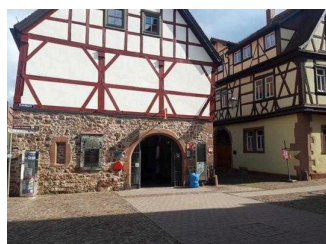
Touristinformation Lohr am Main
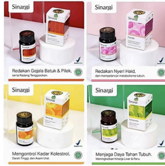
Gambar 20. Template etalase marketplace Sinargi

Desain template etalase marketplace Sinargi lebih bersifat dinamis daripada template etalase marketplace Sinar Herba Radix karena menggunakan layout asimetris. Foto produk juga disusun dengan menggunakan prinsip asimetris. Pada bagian kiri atas, terdapat containing shape putih di bawah logo Sinargi. Pada bagian bawah, terdapat containing shape yang menempel pada dinding kanan desain. Containing shape tersebut memiliki sudut rounded di ujung atas kirinya garis pita di bawahnya. Bentuk dan pita tersebut seragam dengan yang ada pada desain kemasan Sinargi.
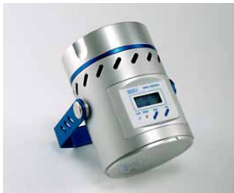
Slika 3. Air Sampler

Air sampler MAS 7 (Microbial Air Monitoring System)-100 Eco® (Slika 3) je uređaj visokih performansi zasnovan na načelu Andersonovog uzorkivača zraka. Zrak se uvlači kroz perforirani poklopac i izravno pada na površinu podloge za rast mikroorganizama koji se nalazi u standardnoj 90 mm petrijevoj zdjelici ili na 60 mm kontaktnu ploču. Uređaj ima stalan protok zapremine od 100 litara / min. Ukoliko su prisutni mikroorganizmi, oni napadaju hranjivu podlogu i nakon vremena inkubacije se otkrivaju, određuju i broje njihove kolonije.

•••••

*INSTRUCTIONS TO FOLLOW*. Word for word, set down the lines from the line with "Desain template etalase" through the last line of the entries, and nothing else; the pictures stay out.

*RESPONSE TO THIS TASK*.
Desain template etalase marketplace Sinargi lebih bersifat dinamis daripada template etalase marketplace Sinar Herba Radix karena menggunakan layout asimetris. Foto produk juga disusun dengan menggunakan prinsip asimetris. Pada bagian kiri atas, terdapat containing shape putih di bawah logo Sinargi. Pada bagian bawah, terdapat containing shape yang menempel pada dinding kanan desain. Containing shape tersebut memiliki sudut rounded di ujung atas kirinya garis pita di bawahnya. Bentuk dan pita tersebut seragam dengan yang ada pada desain kemasan Sinargi.
Slika 3. Air Sampler

Air sampler MAS 7 (Microbial Air Monitoring System)-100 Eco® (Slika 3) je uređaj visokih performansi zasnovan na načelu Andersonovog uzorkivača zraka. Zrak se uvlači kroz perforirani poklopac i izravno pada na površinu podloge za rast mikroorganizama koji se nalazi u standardnoj 90 mm petrijevoj zdjelici ili na 60 mm kontaktnu ploču. Uređaj ima stalan protok zapremine od 100 litara / min. Ukoliko su prisutni mikroorganizmi, oni napadaju hranjivu podlogu i nakon vremena inkubacije se otkrivaju, određuju i broje njihove kolonije.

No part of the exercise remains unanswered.